Action item:
Restate each line of the listing exactly, without carrying over any pictures.

Input data:
========
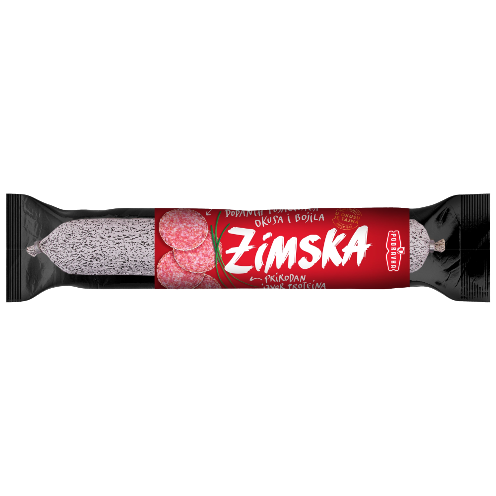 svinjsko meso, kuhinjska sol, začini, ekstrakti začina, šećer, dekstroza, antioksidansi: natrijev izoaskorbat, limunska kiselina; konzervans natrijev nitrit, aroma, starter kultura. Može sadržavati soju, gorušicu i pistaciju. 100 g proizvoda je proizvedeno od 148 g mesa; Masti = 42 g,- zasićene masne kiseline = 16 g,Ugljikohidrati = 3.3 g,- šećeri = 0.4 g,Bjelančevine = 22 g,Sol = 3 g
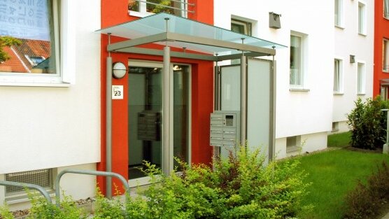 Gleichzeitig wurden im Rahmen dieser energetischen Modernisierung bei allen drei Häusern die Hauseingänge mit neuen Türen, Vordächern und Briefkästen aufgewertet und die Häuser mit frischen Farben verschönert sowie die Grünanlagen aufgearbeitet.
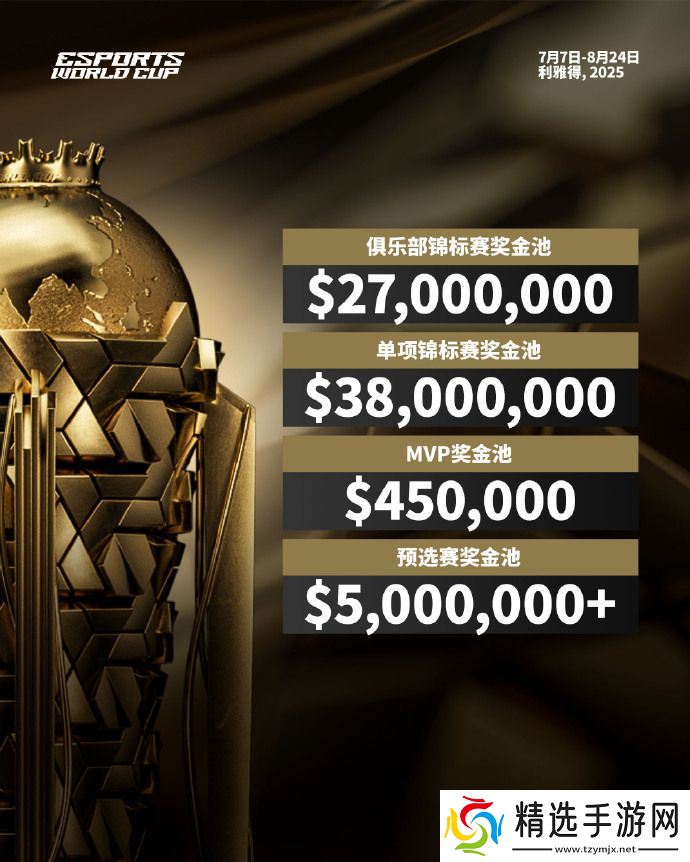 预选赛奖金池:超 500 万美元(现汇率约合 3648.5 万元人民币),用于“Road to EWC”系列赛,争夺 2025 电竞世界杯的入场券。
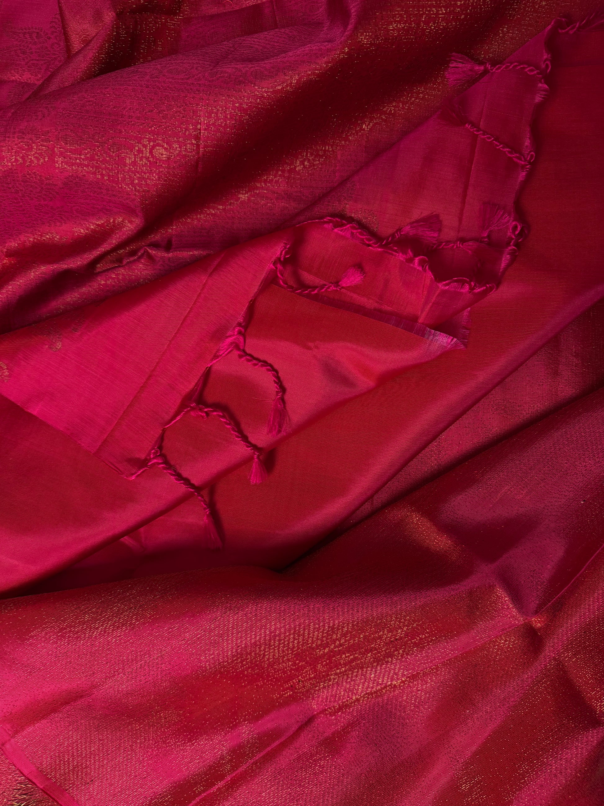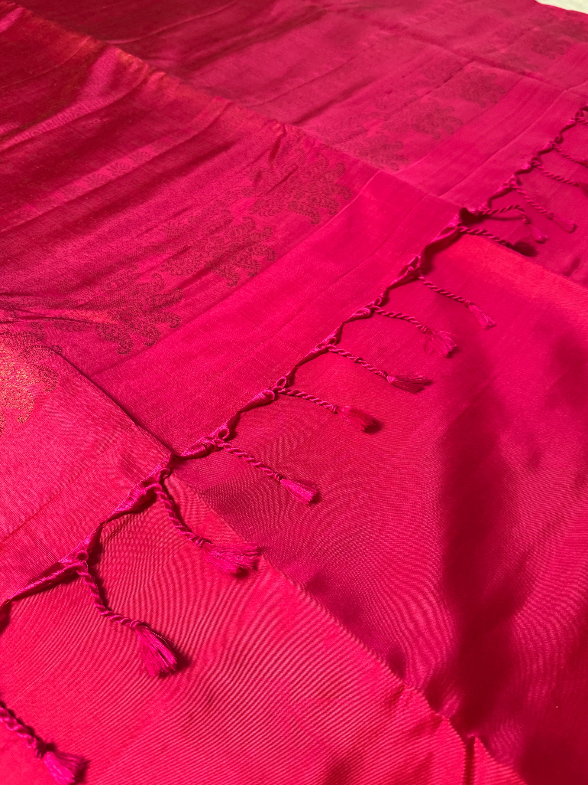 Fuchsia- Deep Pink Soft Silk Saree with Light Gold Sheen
========
The answer:
 svinjsko meso, kuhinjska sol, začini, ekstrakti začina, šećer, dekstroza, antioksidansi: natrijev izoaskorbat, limunska kiselina; konzervans natrijev nitrit, aroma, starter kultura. Može sadržavati soju, gorušicu i pistaciju. 100 g proizvoda je proizvedeno od 148 g mesa; Masti = 42 g,- zasićene masne kiseline = 16 g,Ugljikohidrati = 3.3 g,- šećeri = 0.4 g,Bjelančevine = 22 g,Sol = 3 g
 Gleichzeitig wurden im Rahmen dieser energetischen Modernisierung bei allen drei Häusern die Hauseingänge mit neuen Türen, Vordächern und Briefkästen aufgewertet und die Häuser mit frischen Farben verschönert sowie die Grünanlagen aufgearbeitet.
 预选赛奖金池:超 500 万美元(现汇率约合 3648.5 万元人民币),用于“Road to EWC”系列赛,争夺 2025 电竞世界杯的入场券。
 Fuchsia- Deep Pink Soft Silk Saree with Light Gold Sheen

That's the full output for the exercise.